Okay, I have a rapid-fire question series if you can answer these in a sentence or two.

Okay, I’ll try my best.

What is your most controversial music opinion?

Uhmm, oh I don’t know. Controversial? This is not gonna be that rapid-fire. How am I supposed to know? Dude, I don’t know. You know, I don’t really care about things that people care a lot about I think. There’s certain things with music, like “Oh this person sounds this way on their tour,” and “Oh this person’s live vocals suck,” and “This person uses autotune.” I think everyone cares too much about stupid shit. My hot take is people need to go outside more and stop giving a shit.

What’s a song you wish you wrote?

Oh my god, probably some Amy Winehouse song, probably “Some Unholy War” or something like that. Or “Goodies” by Ciara. “Not my goodies!”

Who would play you in the movie version of your career so far?

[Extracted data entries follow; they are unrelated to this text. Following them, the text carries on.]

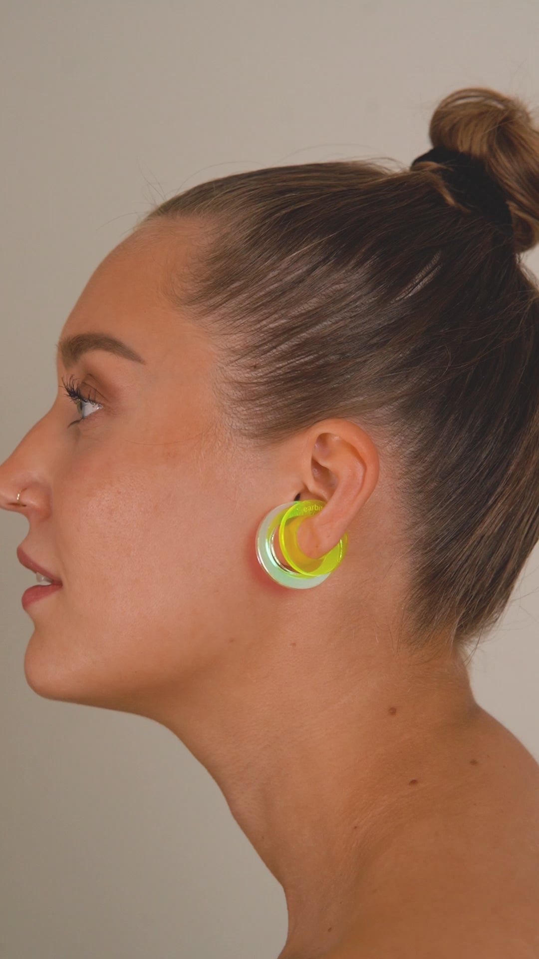 Combination of three different earcuffs — two of them with a secret. Translucent yellow AAMU 01/S and exclusive glow in the dark lime 03/L — not UV, just daylight collected and released after dark. Complete with iridescent VESI 02, our bestseller.
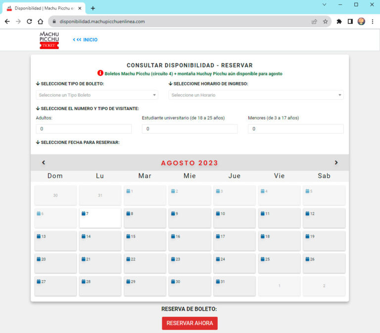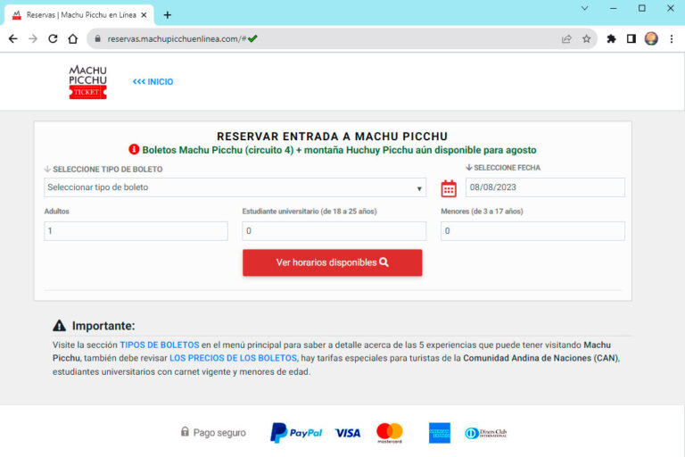 PASO 1: Revisar los TIPOS DE BOLETOS y PRECIOS en las secciones que aparecen en el menú principal, luego revise la disponibilidad haciendo clic en VER DISPONIBILIDAD ó en RESERVAR BOLETOS.
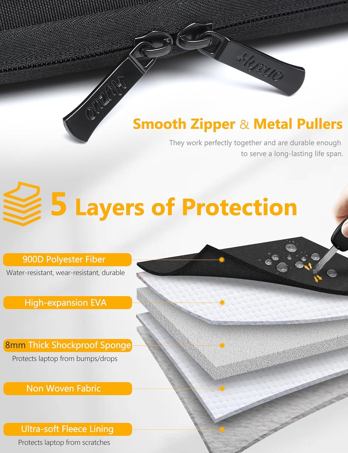 - 360° Multi-layer Superior Protection: The outer fabric is water-resistant and scratch-resistant, the middle layer is padded with 8 mm thickness to absorb bumps and shocks, and the soft velvet lining protects your laptop from scratches. There is also a 2cm wide protective ridge all around. As a result, your laptop is always tightly wrapped and protected with 360° multiple protection

Probably…the embarrassing thing about me is I don’t know any actors. Maybe Brittany Broski. Or I would cast Angelina Jolie, Kendall Jenner…

Sydney Sweeney...

Sydney Sweeney, yeah Sydney Sweeney, you can write that I said that. Zendaya…

Leonardo diCaprio

Yeah, Leonardo diCaprio! Will Smith…

Will Smith in the role of a lifetime…

What is your current hyperfixation?

Ooh…Artificial Moon Theory

Oh?

It comes up a lot for me in conversation. I learned about it recently and I just talk about it a lot. I’m on the cusp of coming out of that as my hyperfixation, like it’s on its way out and something else will come in soon. It’s like the aliens drove the moon here, apparently. It’s hollow inside. I’m not saying it’s true. I’m not saying I believe it. I’m just saying what some people say is that the moon is hollow on the inside. If you Google it, you’ll find the diagram. It’s hollow on the inside, and the aliens drove it here as a spaceship, and they put it wherever the moon is. And then they parked it there to try to make the Earth habitable, but then they just went somewhere else I guess, and they left it there. And the moon’s only been here for 12,000 years? And maybe we didn’t go back to the moon after we “went to the moon” the first time because we found something there that we didn’t want to see…that the moon is fake and driven here by the aliens.

If your music were a flavor, what flavor would it be?

Cotton Candy…I like that flavor. Or mint chocolate chip.

If your life had a loading screen, what song would play?

Let me look it up. It would probably be “FROG FLY BYE BYE FROG” by COCKAHOLICS.

Who are your OnesToWatch?

Ooh, let me look. My OnesToWatch are Lucy Bedroque, MexikoDro, and Sugar Cherry.